◆ YOUR INSTRUCTIONS:
Leave the pictures aside. Retype exactly the lines from the top of the data below through the one holding "3月2日,长安汽车公布了2月".

◆ DATA EXTRACT:
>>

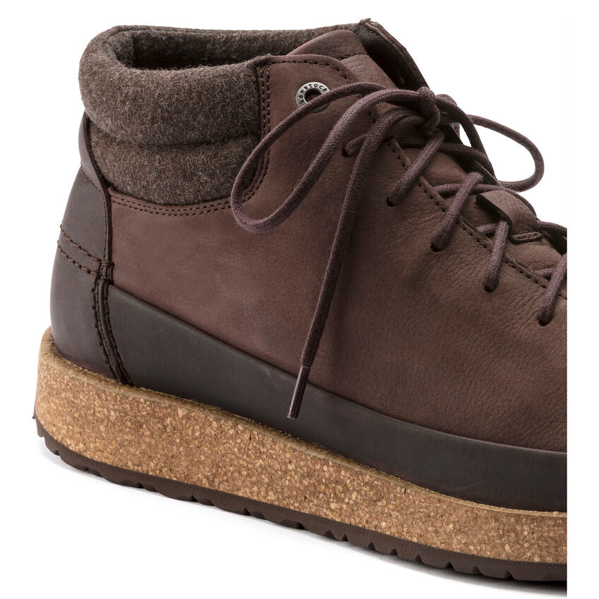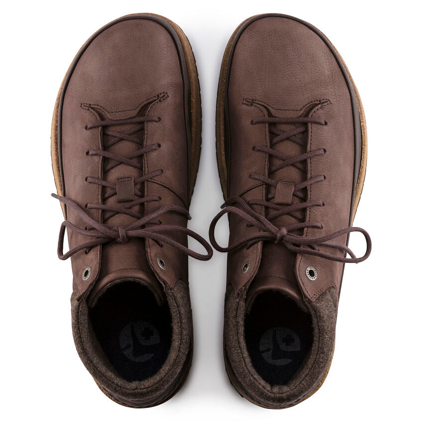 Presenting the BIRKENSTOCK Honnef High - our newest street smart ankle boot engineered completely around our new Deep Blue footbed. The four part footbed includes a moisture wicking microfiber liner, cork and jute layers for optimum arch support and a PU base for added shock absorption and forefoot cushioning. The sporty lace up style is perfect for your most active days, whether that’s all day around town or on your next travel adventure, The oiled nubuck upper is durable and easy to clean, fully adjustable lacing for optimum fit, wool synthetic lining for internal temperature control and injected rubber outsole for added grip and durability.- Original BIRKENSTOCK Deep Blue Footbed; anatomically shaped and removable
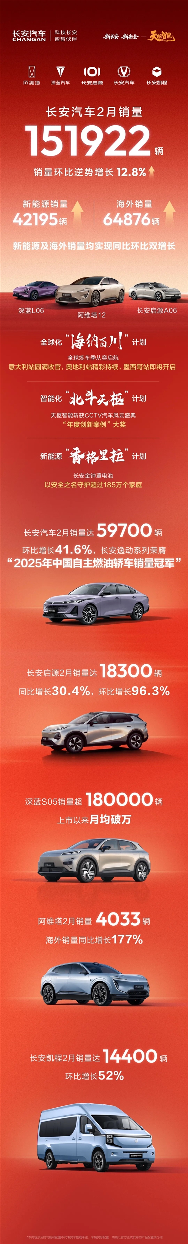 3月2日,长安汽车公布了2月份的产销数据。数据显示,长安汽车2月份总销量为151922辆,环比增长12.8%。在新能源领域,销量达到42195辆,海外销量则为64876辆。具体到品牌,长安汽车品牌销量为59700辆,环比增长41.6%,其中长安逸动系列荣获“2025年中国自主燃油轿车销量冠军”。长安启源销量为18300辆,环比增长96.3%;阿维塔销量为4033辆,凯程销量为14400辆。今年前两个月,长安汽车累计销量达到28.7万辆。
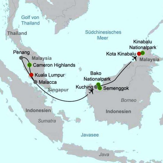Entdecken Sie ein Land, in dem unterschiedlichste Kulturen zu Hause sind. Das moderne Malaysia finden Sie im Westen des Landes, besonders im hypermodernen Kuala Lumpur. Dschungellandschaften und Naturvölker warten im ursprünglichen Borneo auf Sie.
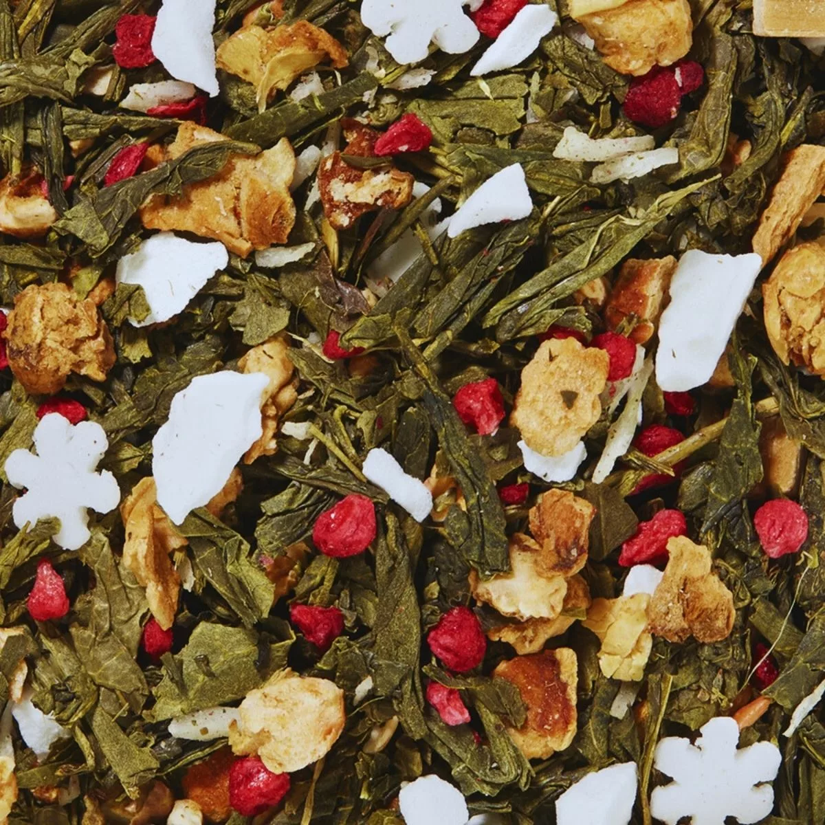 Gdy na zewnątrz delikatnie pada śnieg, czas na filiżankę dobrej herbaty. Ta świąteczna mieszanka zielonej herbaty urzeka owocowym, aksamitnym smakiem malin, świeżej śmietanki i delikatnego karmelu. Chrupiący jogurt lśni niczym świeżo spadły śnieg, a kryształki lodu w lukrze nadają filiżance zimową atmosferę. Ta herbata smakuje jak przytulne wieczory przy kominku, pod ulubionym kocem i w ciszy zimowej magii.

<<

◆ FINAL ANSWER:
 Presenting the BIRKENSTOCK Honnef High - our newest street smart ankle boot engineered completely around our new Deep Blue footbed. The four part footbed includes a moisture wicking microfiber liner, cork and jute layers for optimum arch support and a PU base for added shock absorption and forefoot cushioning. The sporty lace up style is perfect for your most active days, whether that’s all day around town or on your next travel adventure, The oiled nubuck upper is durable and easy to clean, fully adjustable lacing for optimum fit, wool synthetic lining for internal temperature control and injected rubber outsole for added grip and durability.- Original BIRKENSTOCK Deep Blue Footbed; anatomically shaped and removable
 3月2日,长安汽车公布了2月份的产销数据。数据显示,长安汽车2月份总销量为151922辆,环比增长12.8%。在新能源领域,销量达到42195辆,海外销量则为64876辆。具体到品牌,长安汽车品牌销量为59700辆,环比增长41.6%,其中长安逸动系列荣获“2025年中国自主燃油轿车销量冠军”。长安启源销量为18300辆,环比增长96.3%;阿维塔销量为4033辆,凯程销量为14400辆。今年前两个月,长安汽车累计销量达到28.7万辆。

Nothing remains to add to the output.